Haris merasa tim independen bakal lebih dipercaya publik bila diisi oleh orang-orang dari berbagai lembaga dan organisasi terkait. Dengan demikian, publik tak akan berpikir bahwa hasil penyelidikan dimanipulasi oleh kepolisian.

Baca Juga

"Masalah ini harusnya ada tim yang lebih independen untuk maju menjelaskannya, enggak bisa polisi sendiri. Polisi kalau begitu namanya hanya self-claim. Boleh saja, tapi kalau mau lebih objektif harus ada pihak lain," katanya pada Republika, Ahad (7/7).

Haris meminta kepolisian lebih transparan soal proyektil peluru yang menyebabkan korban tewas. Selama ini, polisi enggan membeberkan secara rinci perihal metode penyelidikan proyektil.

"Proyektil pelurunya mana? proyektilnya diambil diuji secara teknologi hasilnya keluar, otentifikasinya harus ada. Itu mengakibatkan apa, dari senjata mana harus ada. Perlu ditunjukan metode (penyelidikan proyektil) yang masuk akalnya," ujarnya.

Di sisi lain, ia menyayangkan kepolisian yang belum mampu menangkap pelaku penembakan. Padahal kepolisian memiliki kemampuan personel maupun teknologi guna mengungkap kasus kejahatan.

"Kalau enggak ditangkap itu kegagalan polisi buat nangkap.
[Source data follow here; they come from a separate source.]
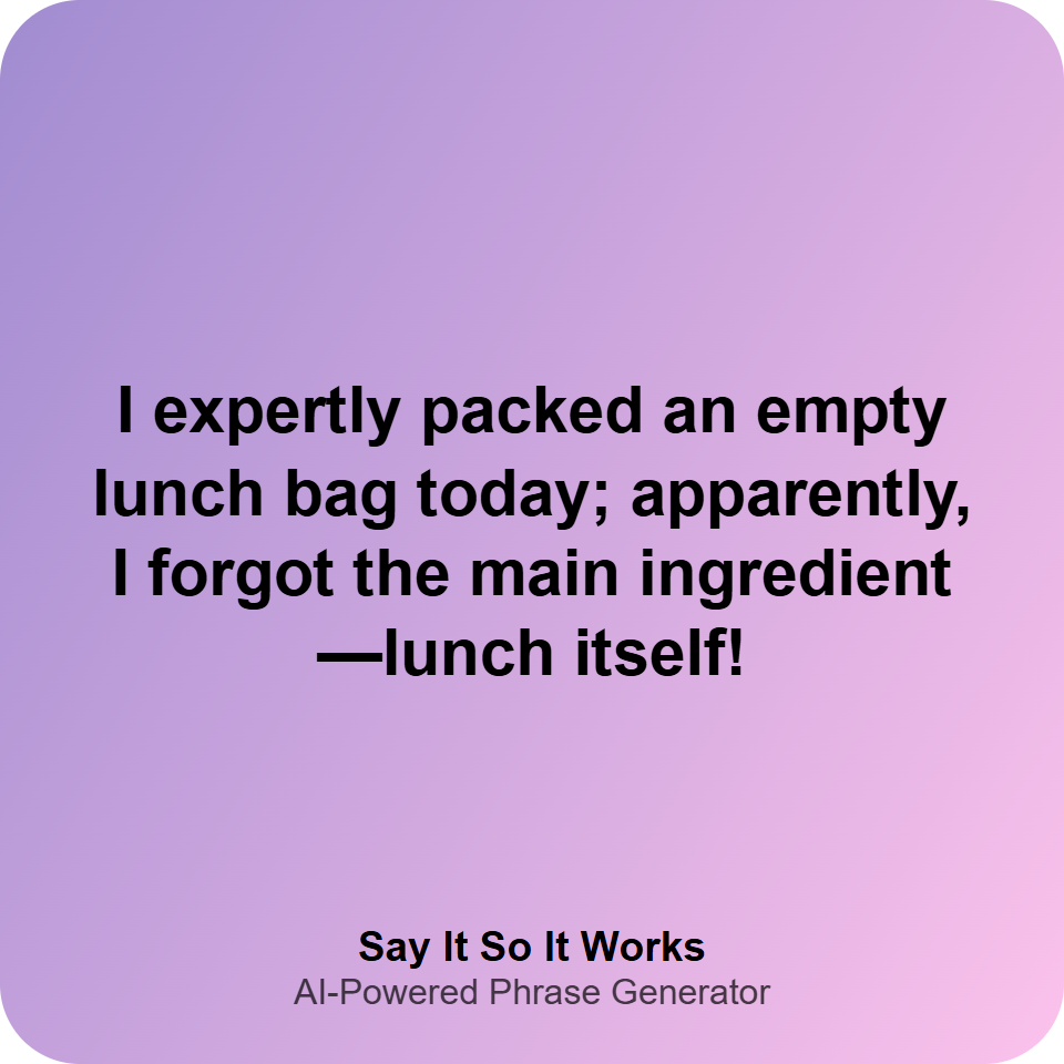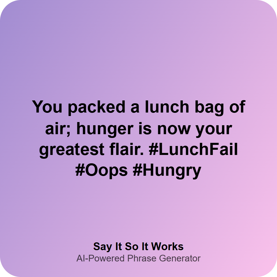 You packed a lunch bag of air; hunger is now your greatest flair. #LunchFail #Oops #Hungry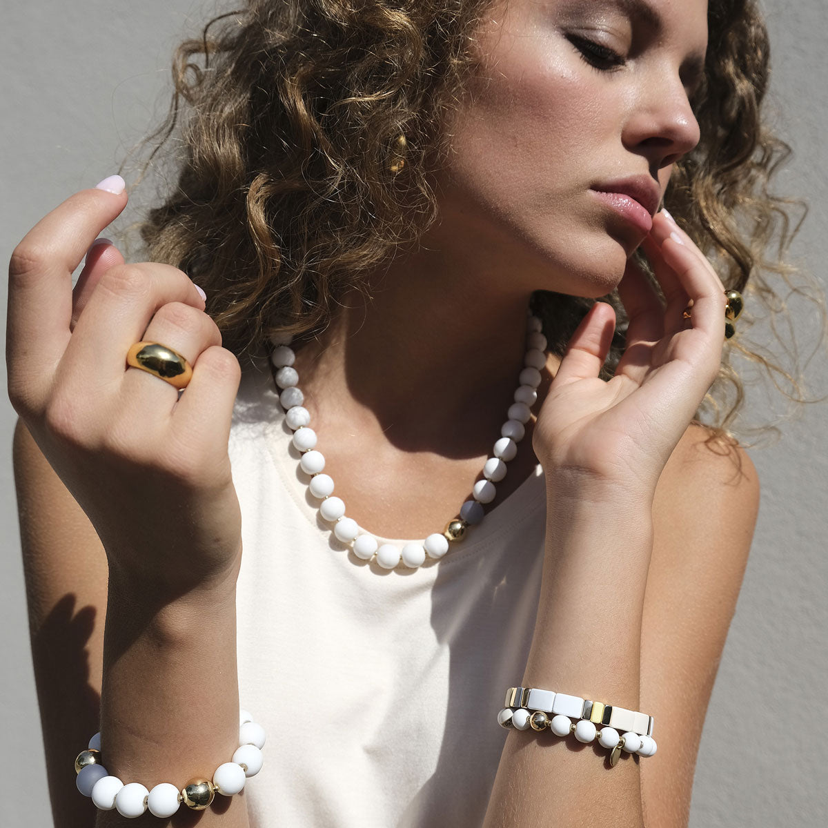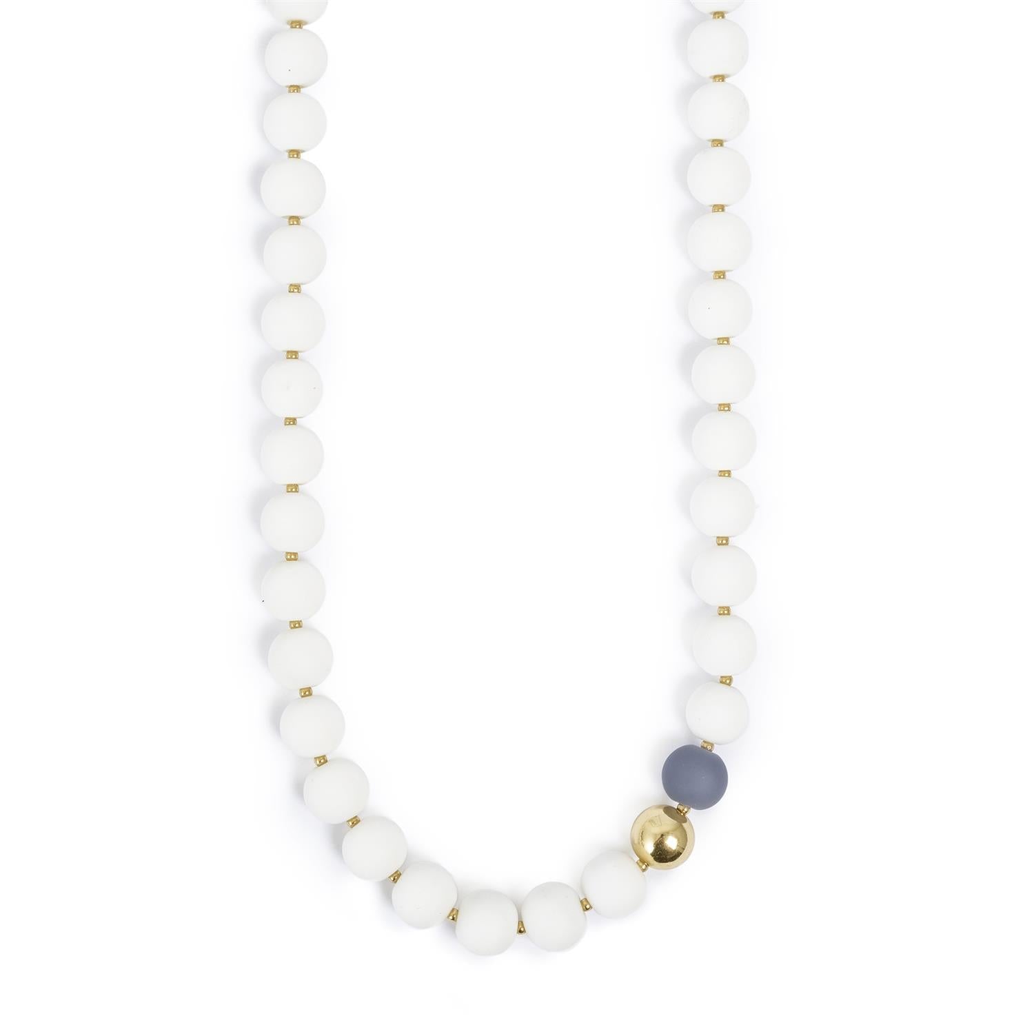 Trendy kjede med store kuler! Til det vårlige antrekket kan det brukes på utsiden av genseren - men det er også superlekkert til bar hud! White Dreams er en stilren kolleksjon basert på rene former og subtile detaljer. Ulike hvittoner, innslag av grått og glitrende krystaller, danner en harmonisk helhet. Kontrastene mellom matte og blanke overflater i gull tilfører det lille ekstra. Like fine alene som lag på lag.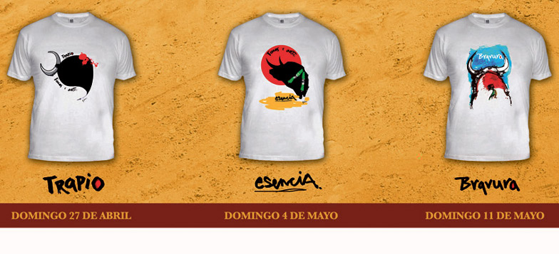 3 CAMISETAS TAURINAS UNISEX, FABRICADAS EN ALGODON 100% Y DISEÑADAS POR EL MAGNIFICO PINTOR ALEX GALCERÁ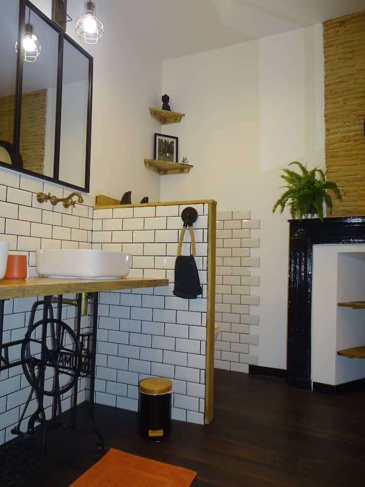 In deze kamer in industriële stijl, waarvan het materiaal (hout, metaal, baksteen...) onze reflectie heeft georiënteerd, staan twee eenpersoonsbedden van 90x200cm of een bed van 180x200cm op je te wachten. Er is ook een kleine zithoek voor je beschikbaar.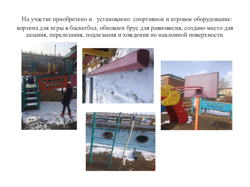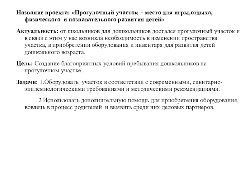 Актуальность: от школьников для дошкольников достался прогулочный участок и в связи с этим у нас возникла необходимость в изменении пространства участка, в приобретении оборудования и инвентаря для развития детей дошкольного возраста.
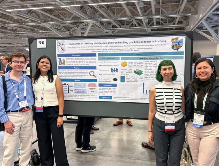 De la Ingeniería en Biotecnología, Santiago García Huerta, Cynthia Ximena Raya Spíndola y Karen Daniela Barón Contreras —con la guía de la Dra. Angélica Godínez Oviedo— abordaron temas como los hábitos de consumo y preparación de cocinas domésticas, evaluación de microorganismos indicadores y patógenos en superficies comunes como trapos, tablas de picar y esponjas; así como transferencia de Salmonella desde esponjas a superficies plásticas en condiciones simuladas de lavado.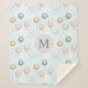balões pastel em um marinho, padrão de cores douradas e escamoteadas para um cobertor de crianças simpáticas. seu próprio monograma em serif é centrado em um círculo

Kenapa kalau proyektil dipublikaskan, tapi pas gagal nangkap orang enggak mengakui," ucapnya.

Hingga saat ini, penembak korban tewas dalam kerusuhan 22 Mei, Harun Al-Rasyid belum tertangkap. Polri mengklaim pelaku menggunakan senjata non-organik atau senjata bukan untuk keperluan militer. Hal itu diketahui dari kaliber proyektil yang ditemukan oleh penyidik Polri.

Polisi telah melakukan uji balistik terhadap dua proyektil yang ditemukan di badan saat autopsi, yakni proyektil dalam tubuh Harun Al Rasyid berkaliber 9,17 mm dan Abdul Aziz berkaliber 5,56 mm. Sementara untuk penembak Harun Al-Rasyid, polisi telah mengantongi ciri-cirinya, yakni tinggi badan 175 cm, berbadan kecil dan berkulit muka gelap.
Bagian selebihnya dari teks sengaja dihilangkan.